● **TASK ITEM**:
Omit all pictures, then retype the data exactly as given.

[Stored data]
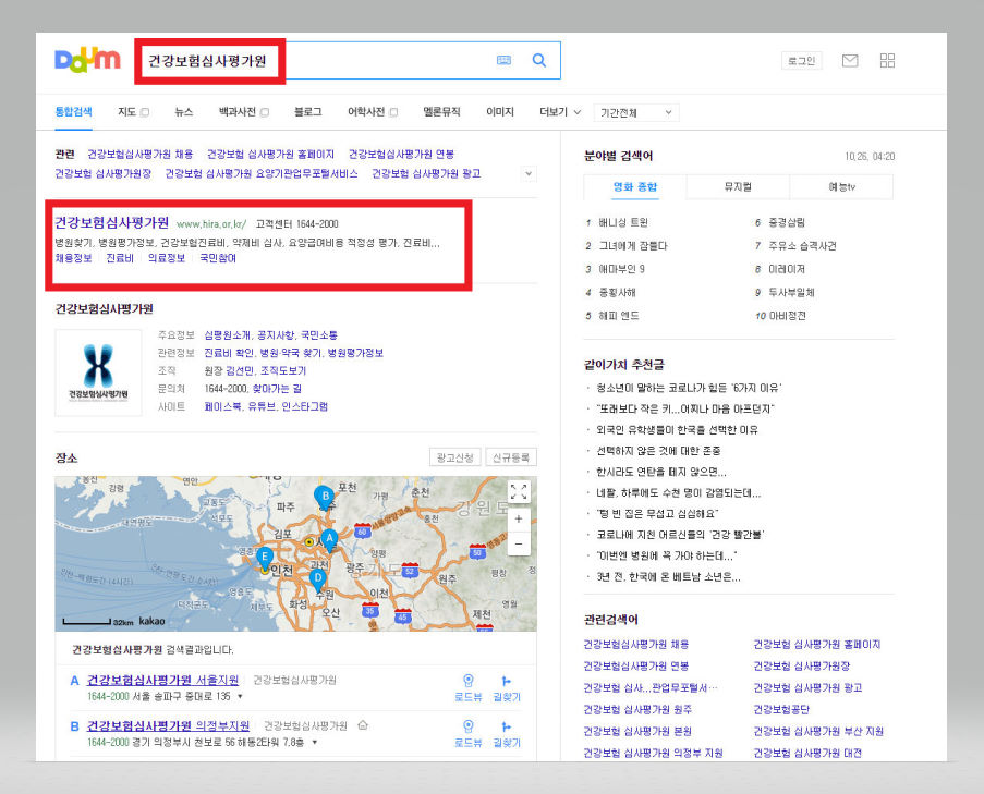 우선 다음이나 구글 혹은 네이버 등의 검색포털에 접속하여 검색창에다가 [건강보험심사평가원]을 입력한 뒤 검색해준다. 그런 다음 [건강보험심사평가원] 사이트를 클릭해준다.
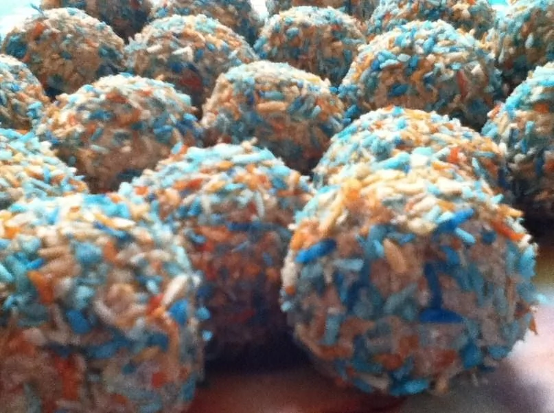 ШАГ 3 Из ореховой массы скатать маленькие шарики, завернуть в лепешку из массы с печеньем, и затем — из массы с какао. Так сделатьм со всем творогом. Когда используем всю массу, обвалять шарики в кокосовой стружке. И отправить минут на 30 в холодильник.
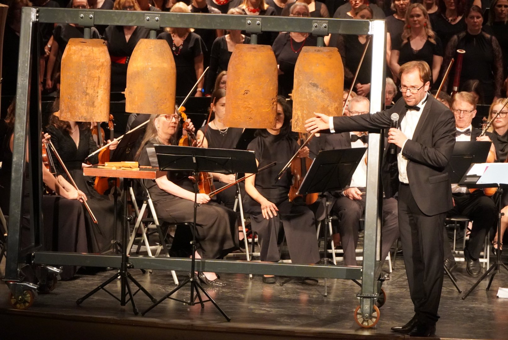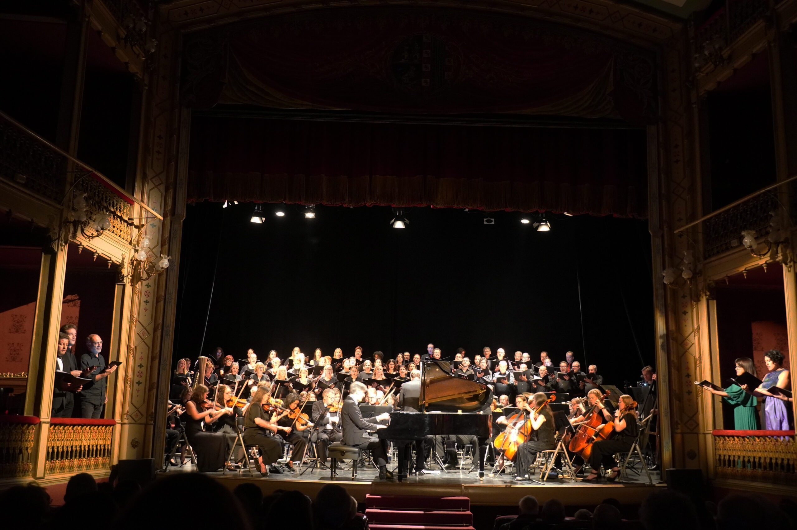 Más de cien artistas, entre músicos y cantantes, ocuparon el escenario del Teatro Vico, en el concierto ofrecido por la Orquesta Hochsauerlandkreis, de Alemania, junto a los coros Schüttler-Chor, de la Escuela de Música del distrito Hochsauerland, y el Coro Diatessaron de Molina de Segura.
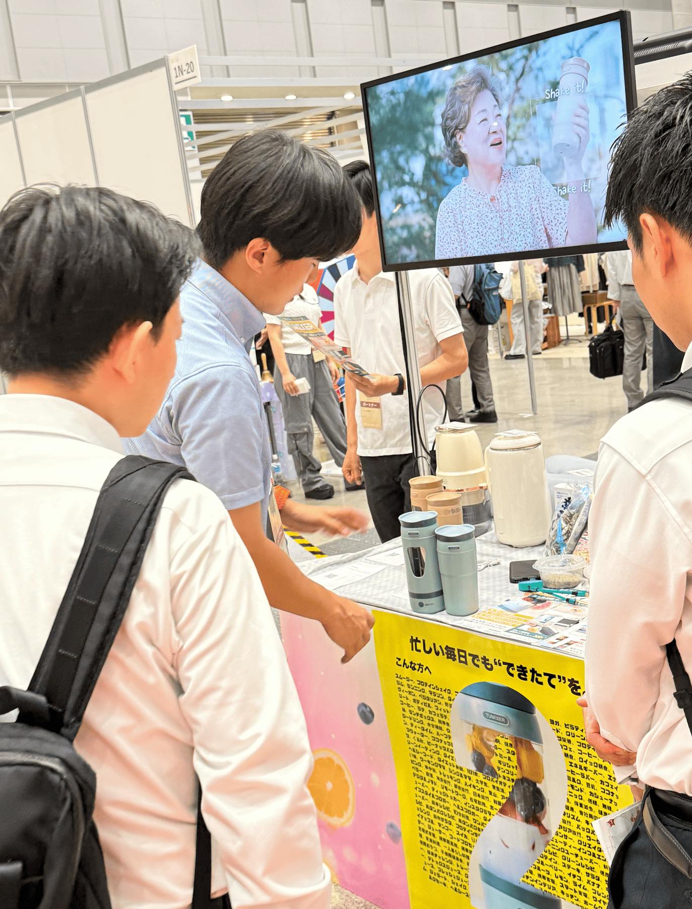 現在、東京ビッグサイトで開催中の展示会にて、新製品TUMIXERを直接ご紹介しています。多くの来場者の方々が当社ブースを訪れ、携帯性とパワフルさを兼ね備えたタンブラー型ミキサーの実際の使用感を直接体験されています。以下は会場の様子です。
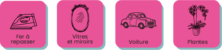 Vitres et miroirs : Pour un nettoyage sans traces, mélangez de l'eau déminéralisée avec du vinaigre ou du liquide vaisselle.
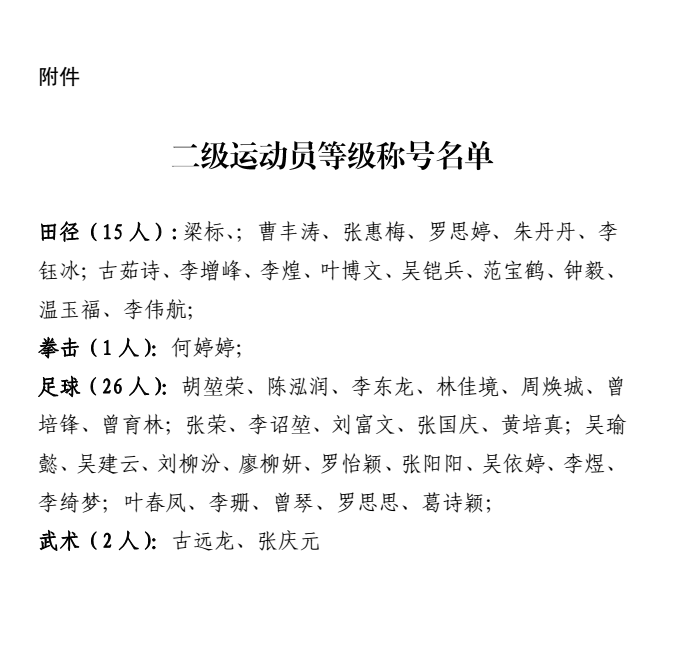 關(guān)于對取得二級稱號運(yùn)動員進(jìn)行公示的通知

● **COMPLETED EXERCISE**:
 우선 다음이나 구글 혹은 네이버 등의 검색포털에 접속하여 검색창에다가 [건강보험심사평가원]을 입력한 뒤 검색해준다. 그런 다음 [건강보험심사평가원] 사이트를 클릭해준다.
 ШАГ 3 Из ореховой массы скатать маленькие шарики, завернуть в лепешку из массы с печеньем, и затем — из массы с какао. Так сделатьм со всем творогом. Когда используем всю массу, обвалять шарики в кокосовой стружке. И отправить минут на 30 в холодильник.
 Más de cien artistas, entre músicos y cantantes, ocuparon el escenario del Teatro Vico, en el concierto ofrecido por la Orquesta Hochsauerlandkreis, de Alemania, junto a los coros Schüttler-Chor, de la Escuela de Música del distrito Hochsauerland, y el Coro Diatessaron de Molina de Segura.
 現在、東京ビッグサイトで開催中の展示会にて、新製品TUMIXERを直接ご紹介しています。多くの来場者の方々が当社ブースを訪れ、携帯性とパワフルさを兼ね備えたタンブラー型ミキサーの実際の使用感を直接体験されています。以下は会場の様子です。
 Vitres et miroirs : Pour un nettoyage sans traces, mélangez de l'eau déminéralisée avec du vinaigre ou du liquide vaisselle.
 關(guān)于對取得二級稱號運(yùn)動員進(jìn)行公示的通知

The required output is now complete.